• _WHAT THE TASK REQUIRES_:
Once the line holding "人民财讯6月30日电,据京东" is found, output it and all remaining lines of the data exactly, with every picture left out.

======== RECORDS TO PROCESS ========

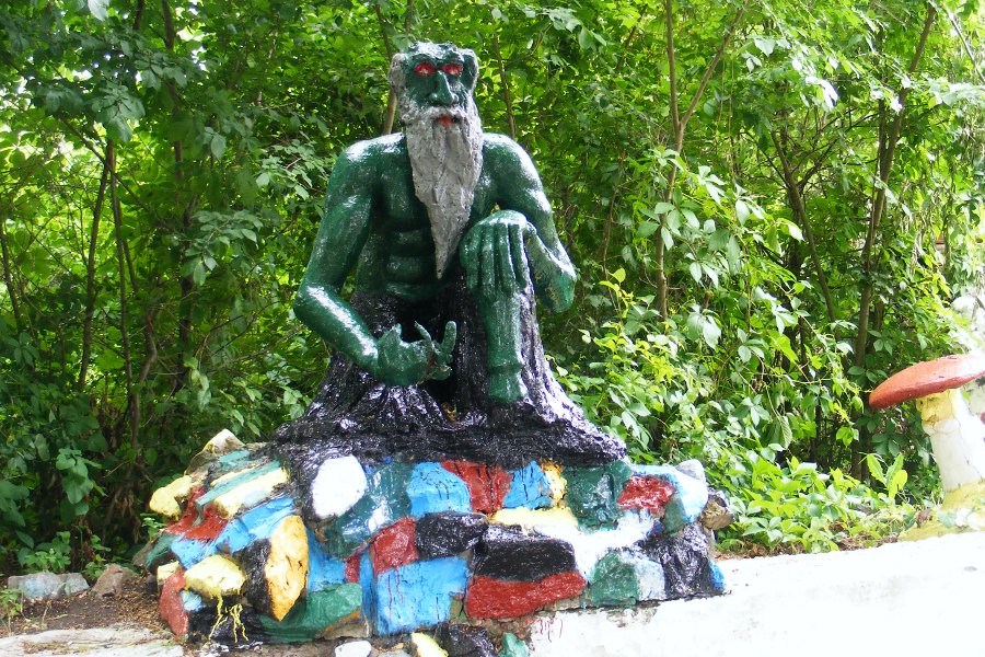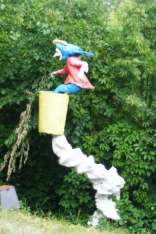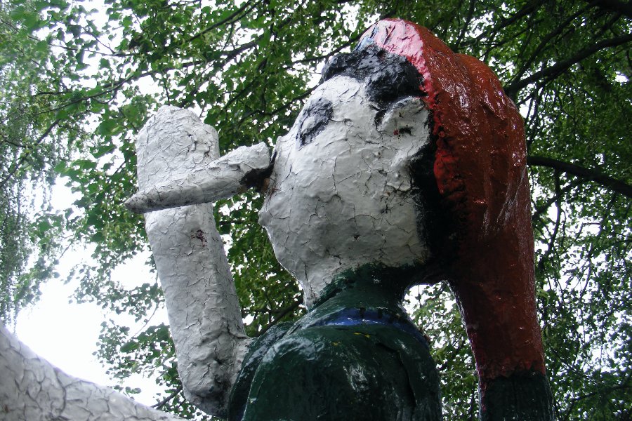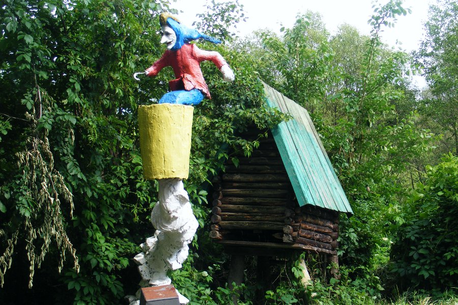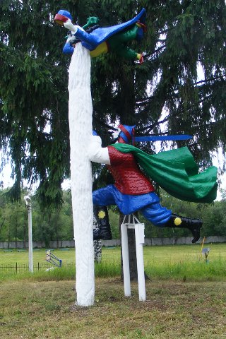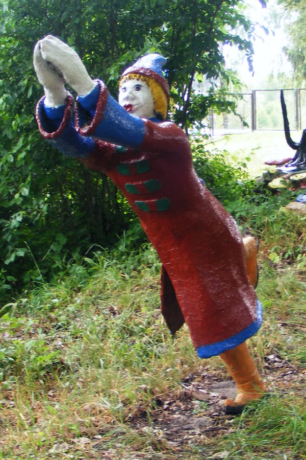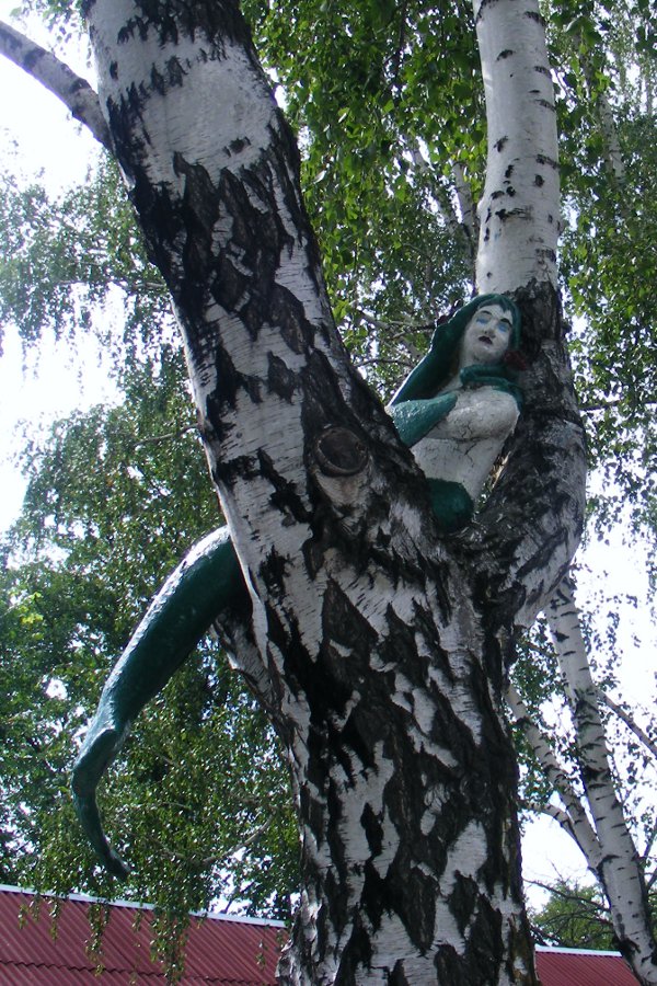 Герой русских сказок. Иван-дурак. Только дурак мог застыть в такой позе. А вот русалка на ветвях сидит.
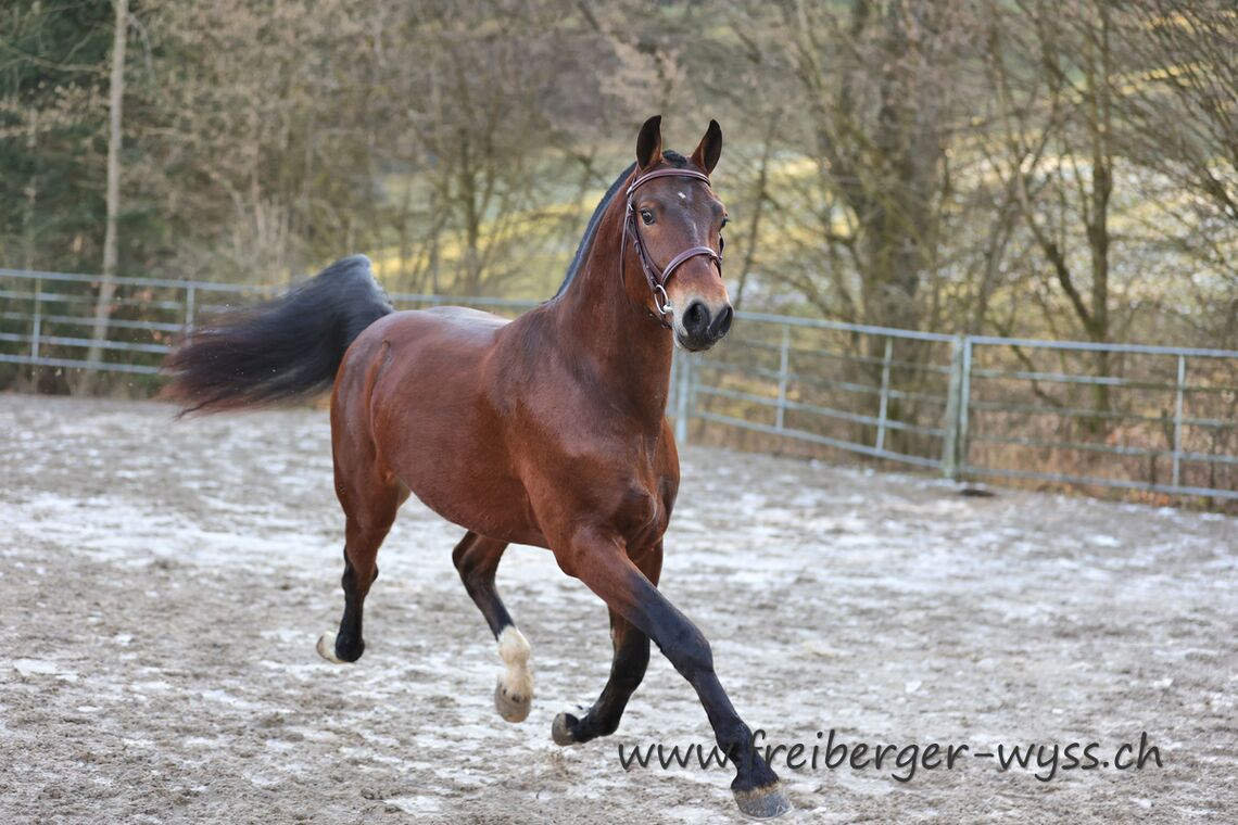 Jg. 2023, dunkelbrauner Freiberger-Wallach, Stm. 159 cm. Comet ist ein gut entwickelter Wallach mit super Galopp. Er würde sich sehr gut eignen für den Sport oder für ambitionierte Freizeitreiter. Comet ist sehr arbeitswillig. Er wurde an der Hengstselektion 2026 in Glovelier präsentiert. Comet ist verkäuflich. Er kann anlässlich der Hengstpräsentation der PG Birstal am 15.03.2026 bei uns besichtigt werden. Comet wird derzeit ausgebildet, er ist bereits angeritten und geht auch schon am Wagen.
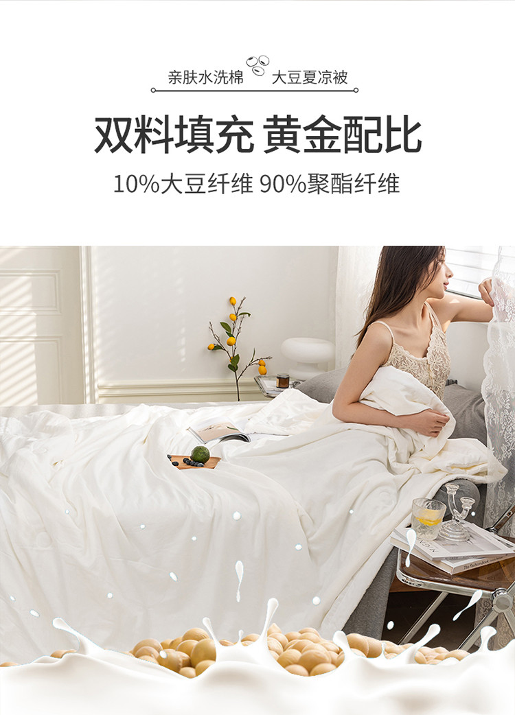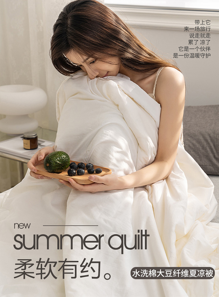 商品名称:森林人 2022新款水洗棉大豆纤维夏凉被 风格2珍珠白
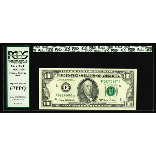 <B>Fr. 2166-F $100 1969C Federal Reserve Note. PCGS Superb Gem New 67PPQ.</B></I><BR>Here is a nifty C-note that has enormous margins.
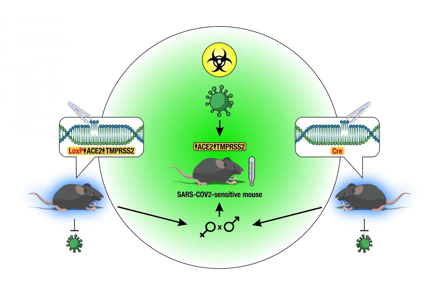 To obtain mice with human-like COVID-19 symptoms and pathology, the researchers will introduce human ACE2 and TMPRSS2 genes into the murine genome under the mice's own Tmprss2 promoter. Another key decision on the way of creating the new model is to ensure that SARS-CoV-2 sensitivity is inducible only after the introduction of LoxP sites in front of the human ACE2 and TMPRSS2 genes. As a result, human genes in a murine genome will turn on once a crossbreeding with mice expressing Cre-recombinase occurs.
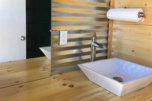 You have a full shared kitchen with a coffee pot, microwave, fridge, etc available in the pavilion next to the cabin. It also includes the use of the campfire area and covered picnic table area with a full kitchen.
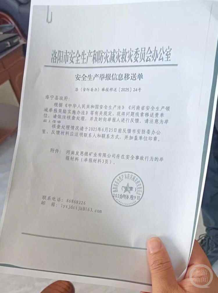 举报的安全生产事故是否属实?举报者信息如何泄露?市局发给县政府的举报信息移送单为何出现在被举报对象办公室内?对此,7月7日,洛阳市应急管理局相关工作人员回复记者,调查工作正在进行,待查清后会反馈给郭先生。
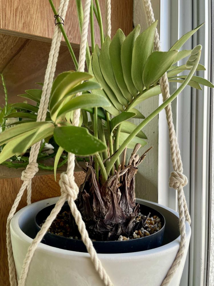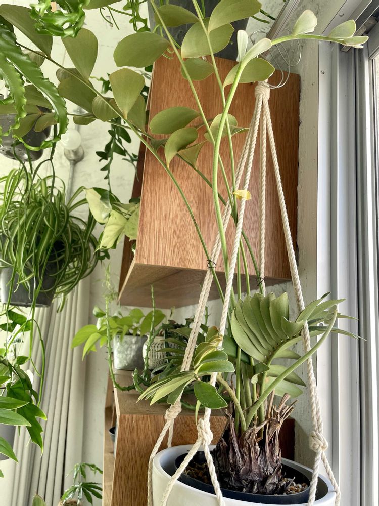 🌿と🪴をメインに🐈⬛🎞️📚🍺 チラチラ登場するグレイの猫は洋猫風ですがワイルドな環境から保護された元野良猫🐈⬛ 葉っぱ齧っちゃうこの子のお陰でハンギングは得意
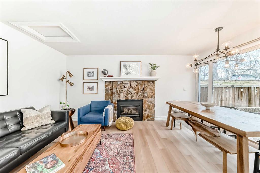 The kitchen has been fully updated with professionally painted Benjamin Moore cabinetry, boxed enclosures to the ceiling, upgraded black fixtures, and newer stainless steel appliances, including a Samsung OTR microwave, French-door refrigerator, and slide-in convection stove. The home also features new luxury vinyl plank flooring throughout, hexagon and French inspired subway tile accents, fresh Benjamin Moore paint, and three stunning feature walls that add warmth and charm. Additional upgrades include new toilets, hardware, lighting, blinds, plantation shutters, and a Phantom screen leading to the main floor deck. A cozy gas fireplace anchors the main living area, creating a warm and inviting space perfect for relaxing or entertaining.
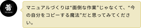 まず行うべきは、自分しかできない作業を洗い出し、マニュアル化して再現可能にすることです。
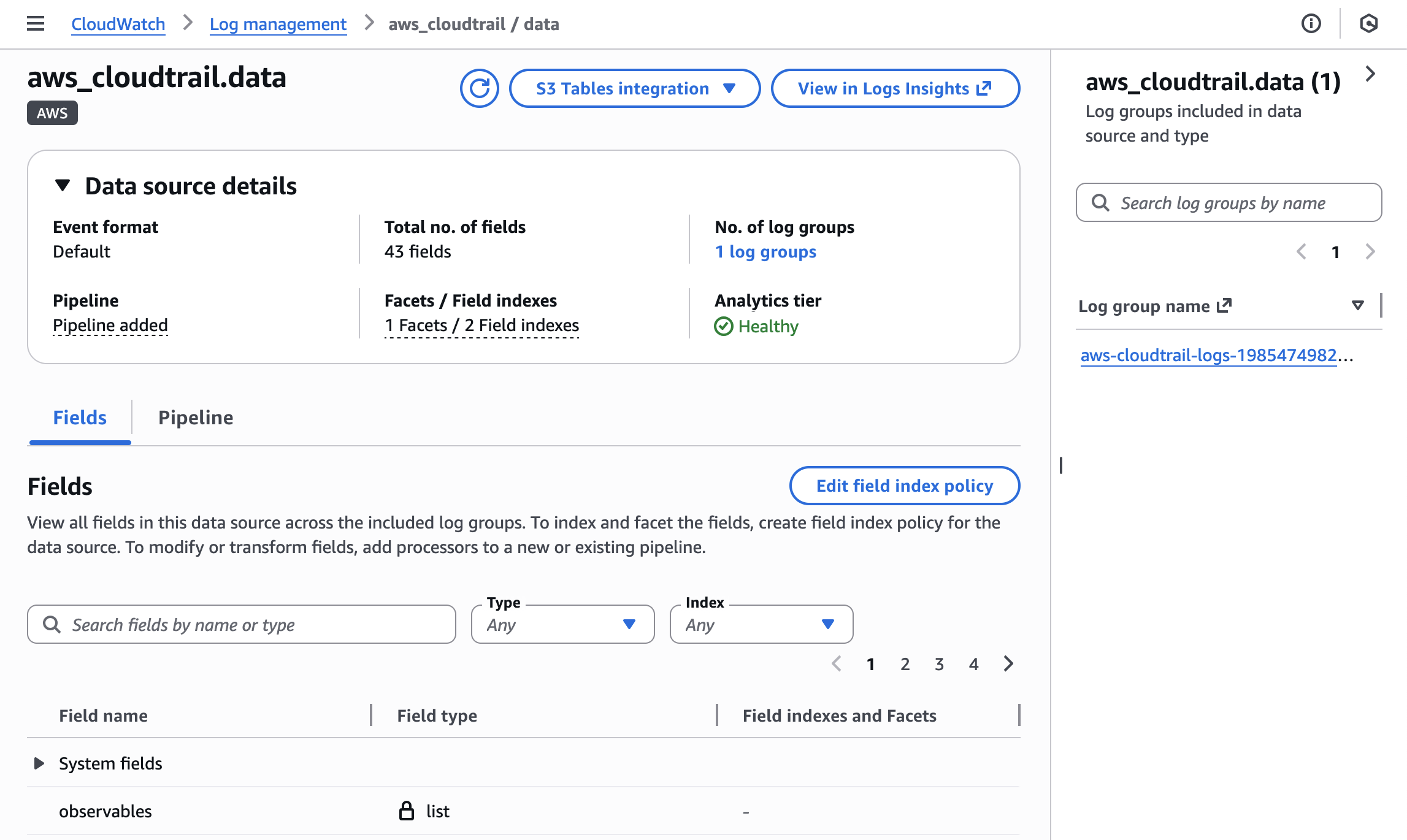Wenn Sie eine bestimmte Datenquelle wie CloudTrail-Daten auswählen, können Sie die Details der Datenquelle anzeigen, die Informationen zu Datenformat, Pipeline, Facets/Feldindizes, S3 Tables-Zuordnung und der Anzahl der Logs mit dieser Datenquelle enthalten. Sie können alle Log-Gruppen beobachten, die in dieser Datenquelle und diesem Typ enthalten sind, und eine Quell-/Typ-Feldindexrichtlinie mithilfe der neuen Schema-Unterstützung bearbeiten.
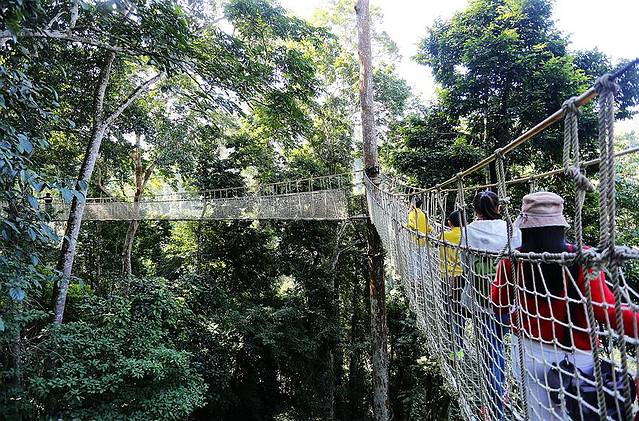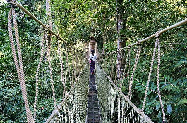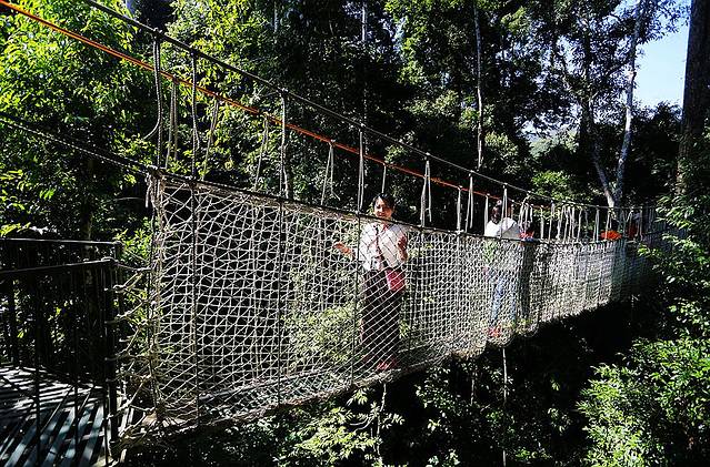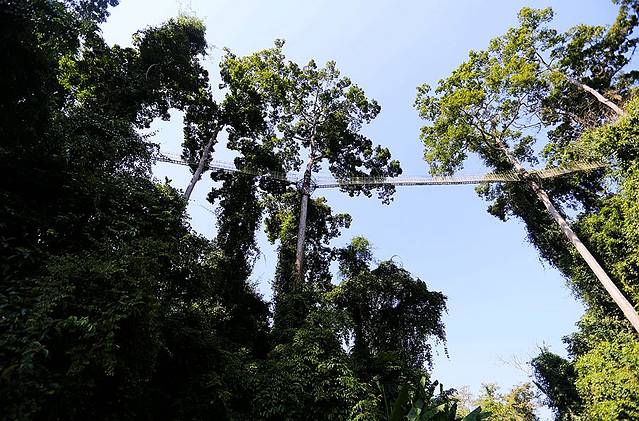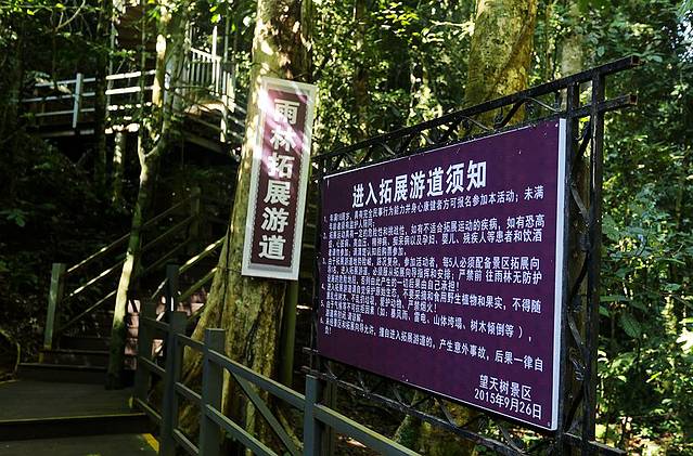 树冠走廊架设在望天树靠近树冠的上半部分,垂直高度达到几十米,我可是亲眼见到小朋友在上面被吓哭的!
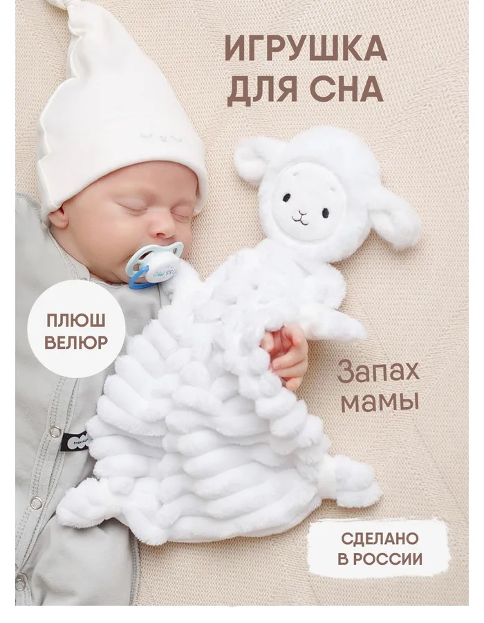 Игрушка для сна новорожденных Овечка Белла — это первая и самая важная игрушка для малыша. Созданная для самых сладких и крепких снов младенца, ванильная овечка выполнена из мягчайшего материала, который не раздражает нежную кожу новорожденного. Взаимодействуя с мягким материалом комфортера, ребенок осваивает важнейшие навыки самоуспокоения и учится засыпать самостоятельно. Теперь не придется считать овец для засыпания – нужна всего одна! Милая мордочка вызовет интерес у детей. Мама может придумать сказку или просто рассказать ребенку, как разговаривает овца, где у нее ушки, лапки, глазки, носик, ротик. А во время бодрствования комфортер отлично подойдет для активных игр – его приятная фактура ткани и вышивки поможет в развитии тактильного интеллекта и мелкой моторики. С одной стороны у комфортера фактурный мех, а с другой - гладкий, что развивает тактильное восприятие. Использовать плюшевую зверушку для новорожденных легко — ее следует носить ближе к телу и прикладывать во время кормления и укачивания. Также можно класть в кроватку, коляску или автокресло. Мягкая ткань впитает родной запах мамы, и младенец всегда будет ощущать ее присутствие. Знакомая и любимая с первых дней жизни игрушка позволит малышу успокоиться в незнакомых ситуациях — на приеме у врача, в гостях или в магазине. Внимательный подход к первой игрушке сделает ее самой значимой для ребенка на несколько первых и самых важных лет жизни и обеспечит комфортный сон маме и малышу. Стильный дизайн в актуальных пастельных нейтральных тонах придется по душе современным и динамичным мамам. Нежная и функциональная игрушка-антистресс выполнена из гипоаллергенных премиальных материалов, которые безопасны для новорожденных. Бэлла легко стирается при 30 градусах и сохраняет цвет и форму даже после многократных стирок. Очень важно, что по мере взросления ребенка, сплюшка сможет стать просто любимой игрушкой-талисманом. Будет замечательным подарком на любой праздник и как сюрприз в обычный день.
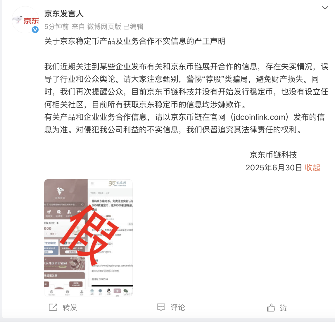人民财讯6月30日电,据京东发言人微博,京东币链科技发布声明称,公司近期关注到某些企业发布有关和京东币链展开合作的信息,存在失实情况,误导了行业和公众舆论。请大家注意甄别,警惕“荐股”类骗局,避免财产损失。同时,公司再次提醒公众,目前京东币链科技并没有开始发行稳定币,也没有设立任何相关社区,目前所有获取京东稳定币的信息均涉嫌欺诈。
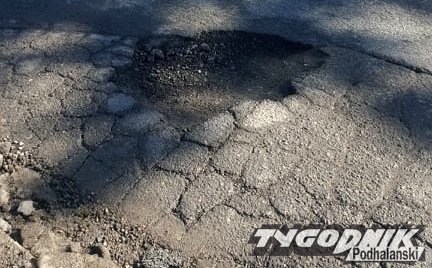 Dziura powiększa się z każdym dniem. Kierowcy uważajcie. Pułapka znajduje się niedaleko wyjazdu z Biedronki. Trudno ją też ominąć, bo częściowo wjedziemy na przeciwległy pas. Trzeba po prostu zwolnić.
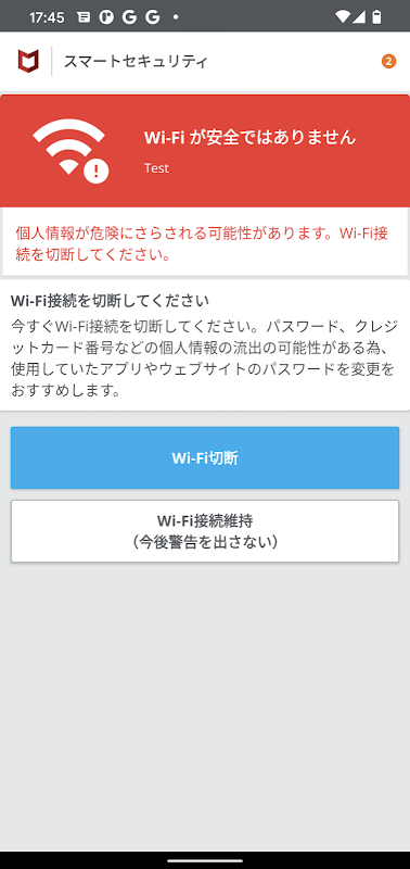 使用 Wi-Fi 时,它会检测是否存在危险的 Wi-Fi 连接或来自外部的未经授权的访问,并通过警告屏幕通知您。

========

• _RESULT_:
人民财讯6月30日电,据京东发言人微博,京东币链科技发布声明称,公司近期关注到某些企业发布有关和京东币链展开合作的信息,存在失实情况,误导了行业和公众舆论。请大家注意甄别,警惕“荐股”类骗局,避免财产损失。同时,公司再次提醒公众,目前京东币链科技并没有开始发行稳定币,也没有设立任何相关社区,目前所有获取京东稳定币的信息均涉嫌欺诈。
 Dziura powiększa się z każdym dniem. Kierowcy uważajcie. Pułapka znajduje się niedaleko wyjazdu z Biedronki. Trudno ją też ominąć, bo częściowo wjedziemy na przeciwległy pas. Trzeba po prostu zwolnić.
 使用 Wi-Fi 时,它会检测是否存在危险的 Wi-Fi 连接或来自外部的未经授权的访问,并通过警告屏幕通知您。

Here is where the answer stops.